I'm sure Graham would be appalled, and it has weaknesses (it supports only 1 tag pair per line etc.).

Any help?

Bruce


Posted by admin (Graham Ellis), 11 October 2003
Really interesting question this one.  Let me take a step back from the writing a piece of code to provide an answer, and look at the problem ....

Under what circumstances do you want to change a < into a &lt;, and a " into a &quot; ?    I suggest that the question's an impossible one to answer in generality - your data is already too far processed in the form it's presented in in the original post, and is potentially ambiguous.
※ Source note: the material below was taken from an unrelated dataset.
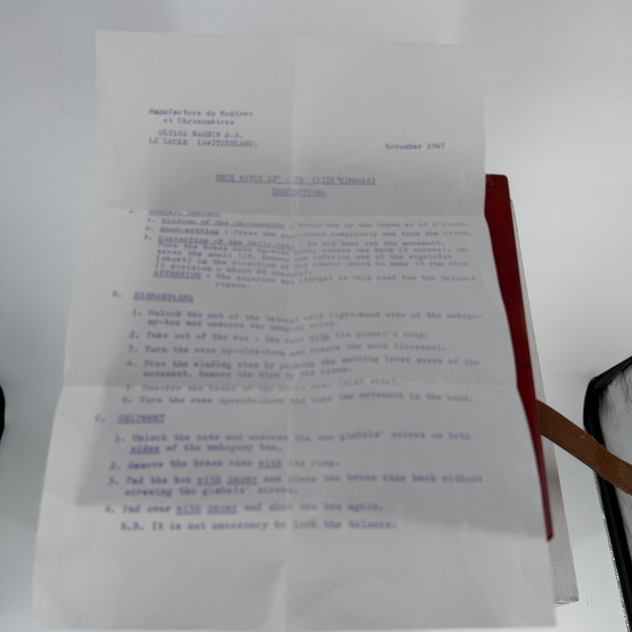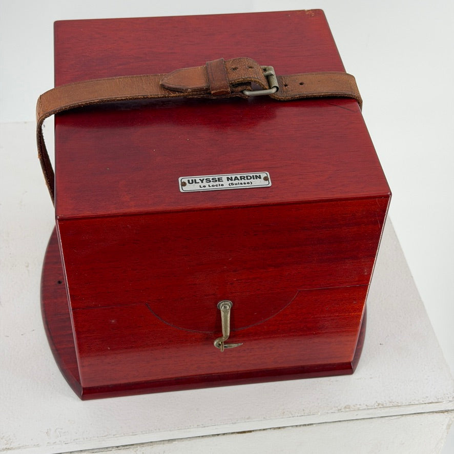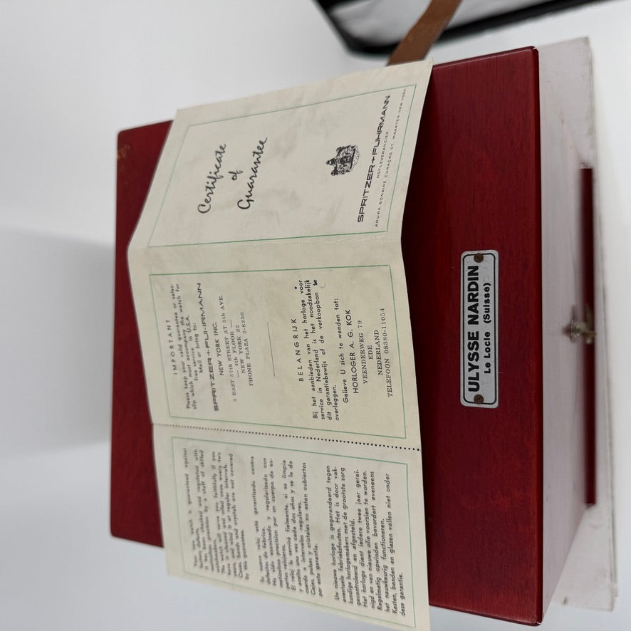 Swiss made by Ulysse Nardin 1960s. Complete with storage / transport case, Instructions warranties and manufacturer's papers. Beautiful condition, with some minor marring to outer case corner, and age related wear to leather noted.

Let's say I was actually writing a reply about HTML processing (Oh - I am doing ) and wanted to talk about the <p> and </p> tags ... then what algorithm am I going to use to pick out those < >  & and " that need processing and those that don't - the data is already too processed.  In other words, if I was processing this very paragraph you're reading, how would I know to leave the <p> alone, but to translate the <i>  and </i> that is around the words "what algorithm" just above?   The data is too far "gone" at the point you presented it to us

The only "correct" and general answer to the original question is that you should do your processing before you add in the formatting tags - but if you can't do that, then the answer is that any solution that does what you want is correct in your particular circumstance.  Hmm - it's quite early in the morning - hope I've explained my thoughts / concerns in an understandable way.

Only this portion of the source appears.